Die Pariser Erklärung macht Sinn. Doch sie kann nur ein erster Schritt sein, meint die organisierte Zivilgesellschaft. Der Prozess zeichnet sich durch relativ hohe Transparenz aus. So wurden NGOs in die Vorbereitung zu Accra einbezogen und nehmen mit 80 registrierten VertreterInnen am offiziellen Gipfel teil.
Von vielen der UnterzeichnerInnen werden sie sogar subtil oder offen unter Druck gesetzt, die Erklärung ebenfalls zu unterschreiben und ihre eigene Wirksamkeit unter Beweis zu stellen.
Der Druck zeigt Wirkung: Die NGOs haben sich in einer globalen Initiative zusammen geschlossen, um die Überprüfung ihrer eigenen Effizienz anzugehen. Die Pariser Erklärung wollen sie aber aus zwei Gründen nicht unterzeichnen: Erstens empfinden sie sie nicht als anwendbar auf sich selbst. Global Players unter den NGOs wie die Organisation Oxfam müssen sich für diese Haltung Kritik gefallen lassen, sind sie doch größere GeberInnen als einige der offiziellen Geberländer. Zweitens ist den NGOs der Ansatz der Erklärung zu eng gefasst, in der es primär um eine effizientere Verwendung der Gelder geht. Sie beurteilen einige Indikatoren als nicht zureichend für die Messung der Prinzipien. Zum Beispiel ist beim Prinzip Ownership vorgesehen, dass bis 2010 mindestens 75 Prozent der Entwicklungsländer über nationale, mittelfristig finanziell abgesicherte Entwicklungsstrategien verfügen. Nicht überprüft wird aber, ob die Parlamente in der dafür notwendigen Weise einbezogen und die Bedürfnisse der armen Bevölkerung ausreichend berücksichtig wurden, was – so die NGOs – für eine echte demokratische Eigenverantwortung unverzichtbar sei. Viele kritische Aspekte der Entwicklungszusammenarbeit wie Armutsbekämpfung, Gendergerechtigkeit, Demokratie, Menschen- und soziale Rechte seien überhaupt außer Acht gelassen.

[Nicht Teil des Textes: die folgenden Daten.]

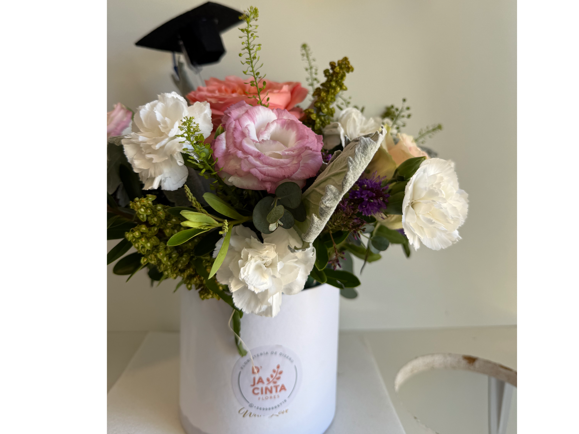 Mini caja floral con peluche o birrete

Die NGOs plädieren dafür, nicht nur einzelne Maßnahmen zu betrachten, sondern den Effekt aller Aktivitäten auf das soziale, politische und wirtschaftliche Leben einer Gesellschaft und seiner Menschen zu untersuchen. Zulässig für eine Messung wäre demnach die Frage: Wie viele Menschen in den betreffenden Ländern konnten aufgrund der diversen Hilfeleistungen ihre Ausbildung, Ernährung und Gesundheit verbessern?
Bis 2010 will die Initiative ein tragfähiges Dokument für die Zivilgesellschaft entwickeln, das Prinzipien für die Wirksamkeit der NGOs als EntwicklungsakteurInnen enthält. Die Beteiligten hoffen, dass auf der Basis ihrer Arbeit ein weiterer Prozess gestartet wird, der ein Nachfolgepapier für die Pariser Erklärung im Jahr 2011 auf die Schiene bringt. Dieses soll Indikatoren enthalten, nach denen die Wirksamkeit von Entwicklung in ihrer Gesamtheit gemessen werden kann. Die Herausforderungen sind immens. Das große Ziel wäre ein Abkommen, das von allen entwicklungspolitischen AkteurInnen, d.h. von Partner- und Geberländern, von multilateralen Institutionen und Entwicklungsbanken sowie den zivilgesellschaftlichen AkteurInnen in Nord und Süd unterzeichnet würde. Gelänge dann noch die Anhebung auf den Level der Vereinten Nationen, müssten auch neue GeberInnen wie China mit am selben Strang ziehen. Der gegenseitige Fingerzeig würde damit in Zukunft deutlich schwerer.
Claudia Bonk ist Mitarbeiterin bei Globale Verantwortung – Arbeitsgemeinschaft für Entwicklung und Humanitäre Hilfe, dem neu gegründeten österreichischen NGO-Dachverband.